(Source material Opens)
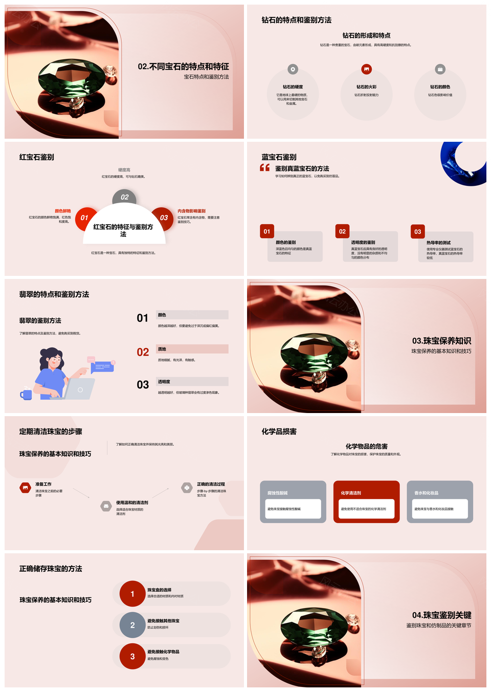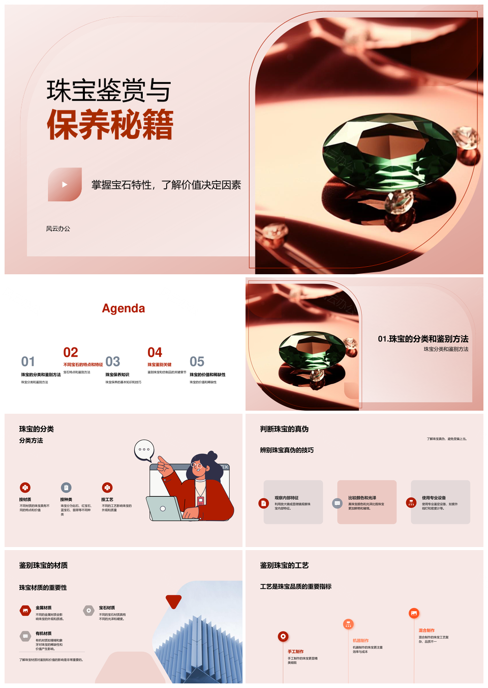 风云办公提供的珠宝专家收藏家共鉴保养艺术设计工艺PPT模板,下载格式为pptx,一共25页,作品中文字及图均可以修改和编辑,图片更改请在作品中右键图片并更换,文字修改请直接点击文字进行修改。
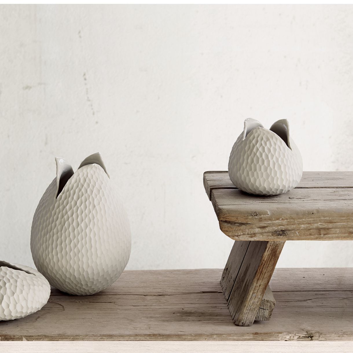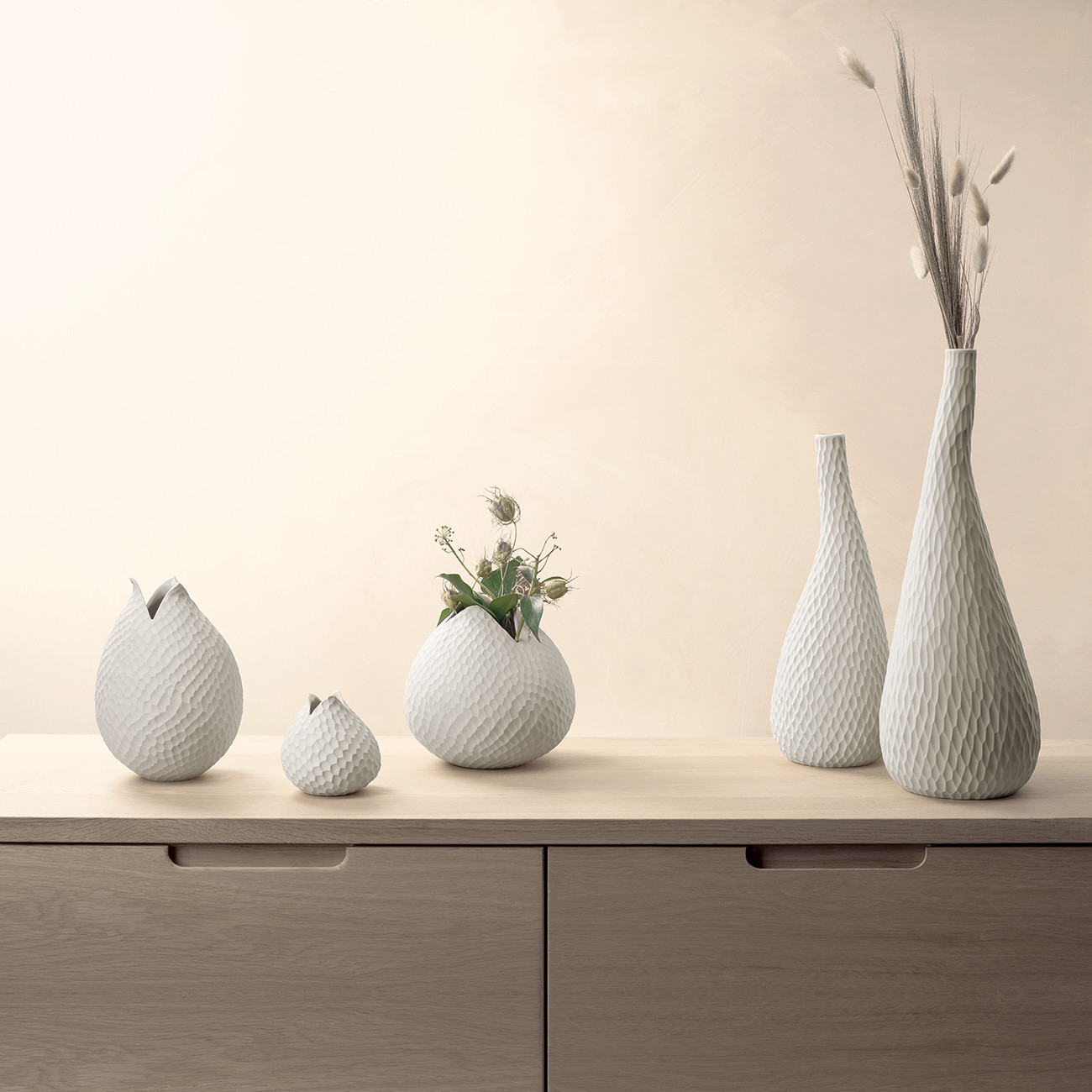 Carve е с фин разрез в средата на гърлото на всяка ваза. Пясъчният тон се съчетава както с приглушени, така и с ярки цветове, а матовата повърхностна глазура също допринася за пясъчния вид. Необичайният отвор напомня на пукнатини, позволяващи да се издигнат цветни лалета, впечатляващи цветове от лилия или просто зелени клони.
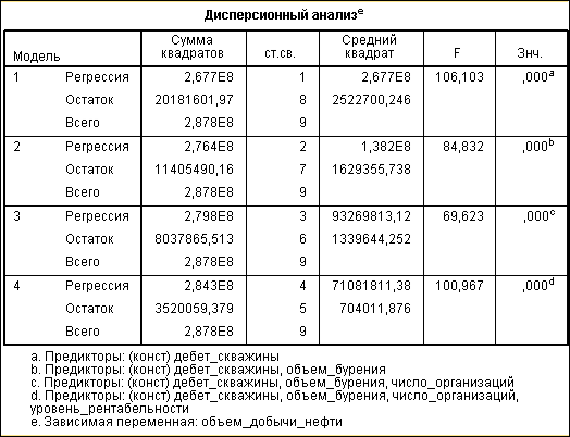 Теперь непосредственно можно приступить к характеристики полученных данных. В ходе исследования были построены две эконометрических модели зависимости объема нефтедобычи от определяющих признаков.
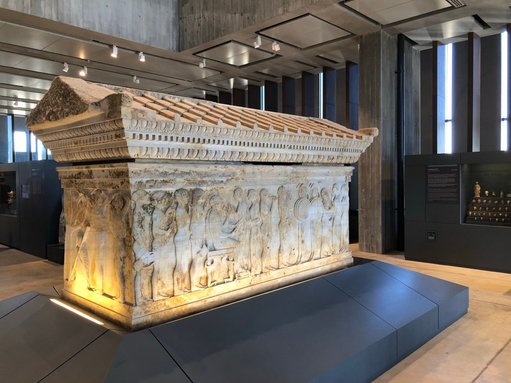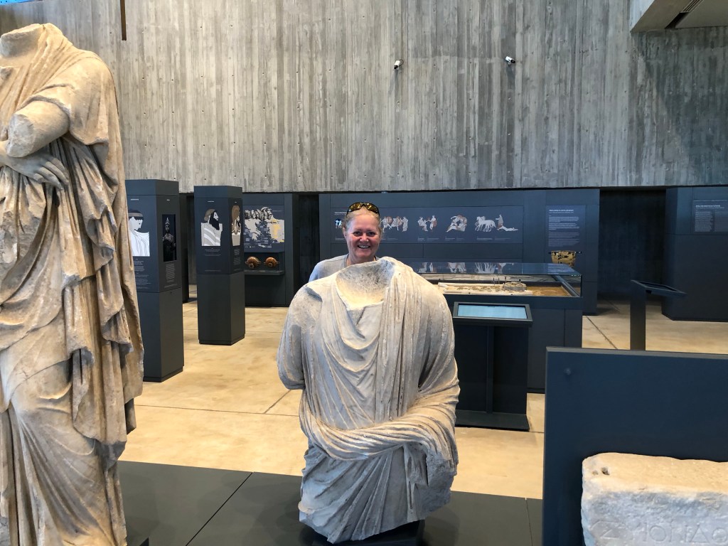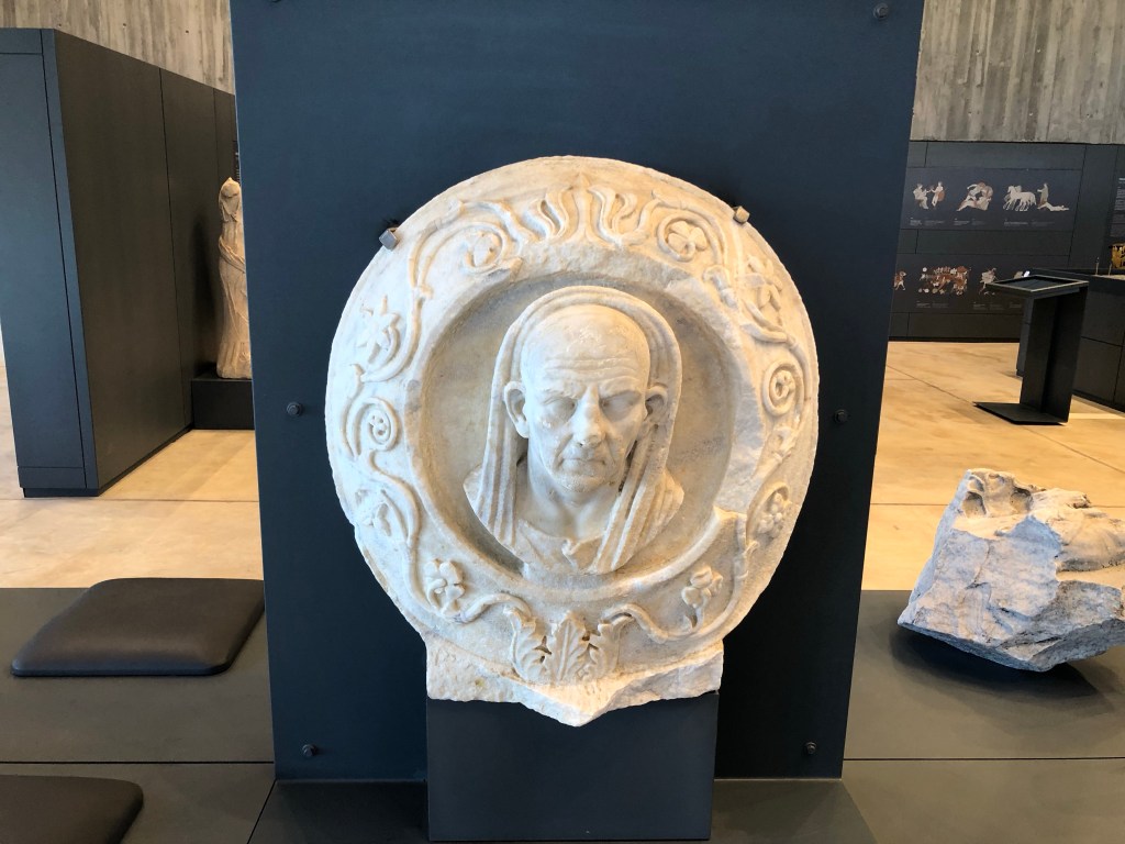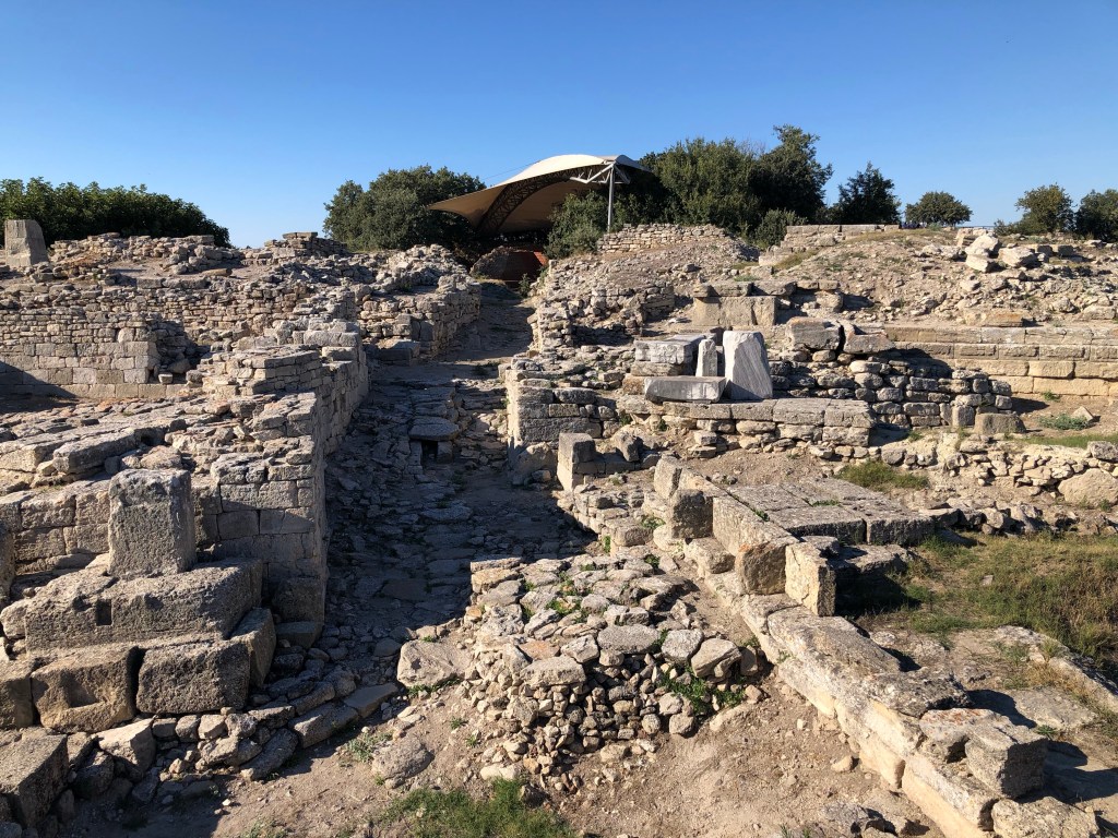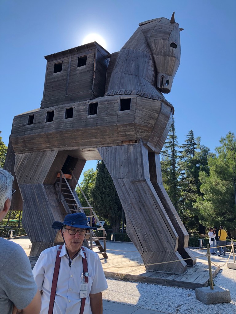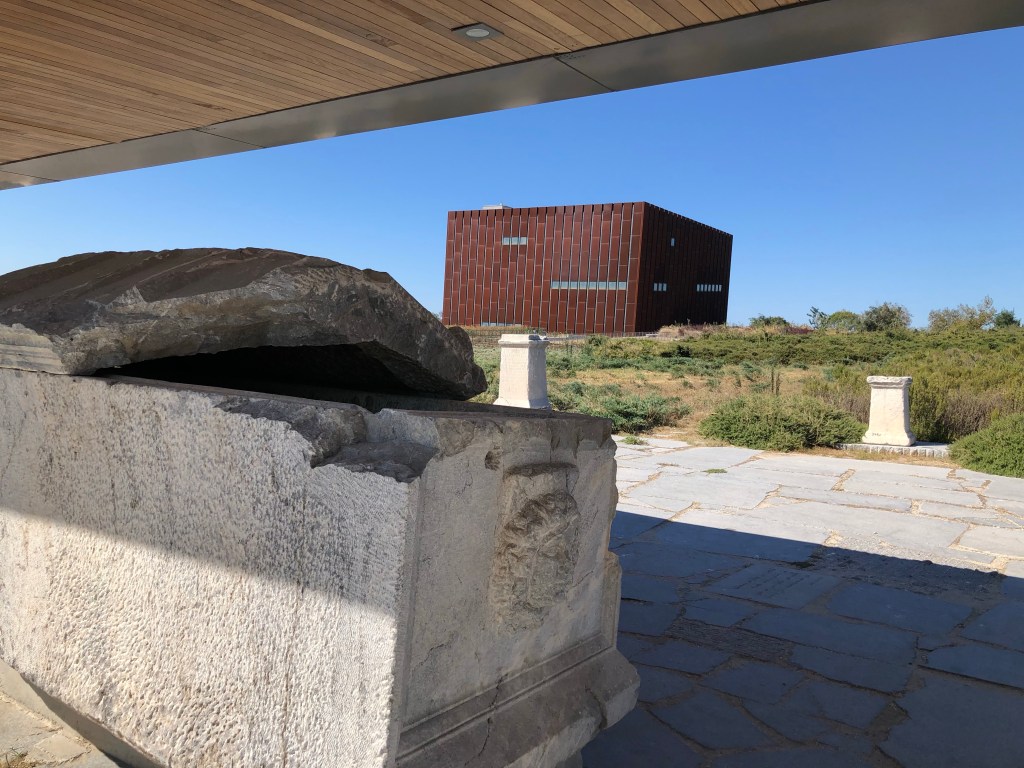Wie sich herausstellte, war Mustafa ein geprüfter Reiseleiter. Sehr praktisch, so buchten wir ihn für eine Führung am Nachmittag des nächsten Tages im Archäologischen Park in Troja. Das Troja Museum – den rostigen Würfel – besuchten wir am Vormittag. Der Bau ist architektonisch sehr gelungen, passt sich gut der Landschaft an und birgt eine großartige Ausstellung über die Geschichte von Troja, den Trojanischen Krieg, das Ausgrabungsareal, die Fundstücke. Die Idee, den Ort des Geschehens mit den Artefakten zu verbinden ist hier sehr gut gelungen. Das Gebäude bildet die perfekte Hülle dafür. Mit seinen 50 m Höhe symbolisierte es die Grabungshöhe in Troja. Zwei Ebenen des Museum befinden sich daher unter der Erde. Der Archäologe Schliemann mag für die Erforschung Trojas wichtig gewesen sein, dennoch ist seine Dreistigkeit, mit der er Artefakte einfach ausser Landes gebracht hat, zu verurteilen. Es ist schade, dass dadurch sehr viele Objekte in Museen auf der ganzen Welt verstreut sind.
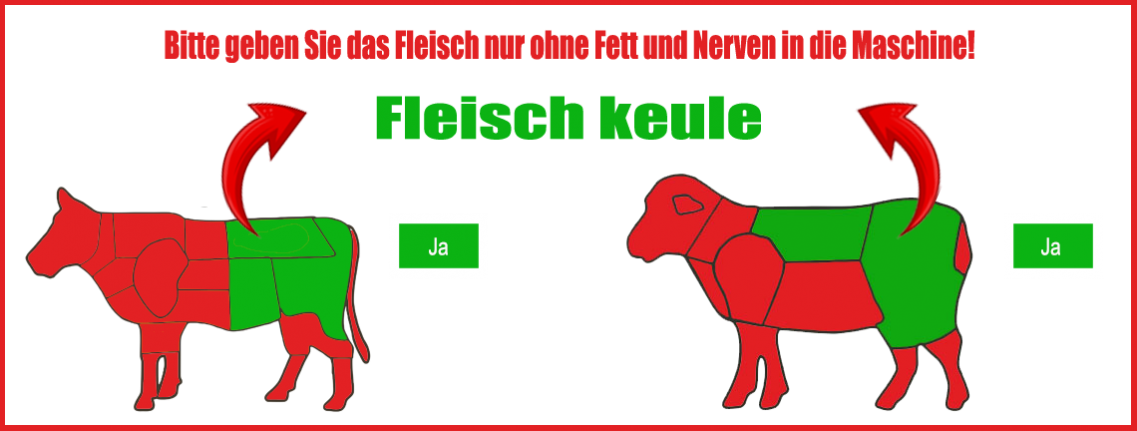FRAGEN SIE VOR DEM KAUF SORGFÄLTIG NACH DER EIGNUNG DER MASCHINE FÜR DAS VON IHNEN VERWENDETE FLEISCH UND KAUFEN SIE DANN!!!
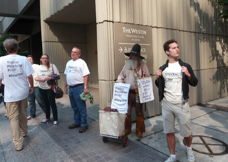 And as the ministers began meeting Wednesday, a handful of protestors marched through the lobby of the hotel chanting "No TPP! Stop Corporate Greed."
(Source material Closes)
● **Directions for this task**
Look above for the line containing "Carve е с фин", then write out every line from there down to the line containing "Теперь непосредственно можно", that line included, with no pictures.

● **Reply to the task**
 Carve е с фин разрез в средата на гърлото на всяка ваза. Пясъчният тон се съчетава както с приглушени, така и с ярки цветове, а матовата повърхностна глазура също допринася за пясъчния вид. Необичайният отвор напомня на пукнатини, позволяващи да се издигнат цветни лалета, впечатляващи цветове от лилия или просто зелени клони.
 Теперь непосредственно можно приступить к характеристики полученных данных. В ходе исследования были построены две эконометрических модели зависимости объема нефтедобычи от определяющих признаков.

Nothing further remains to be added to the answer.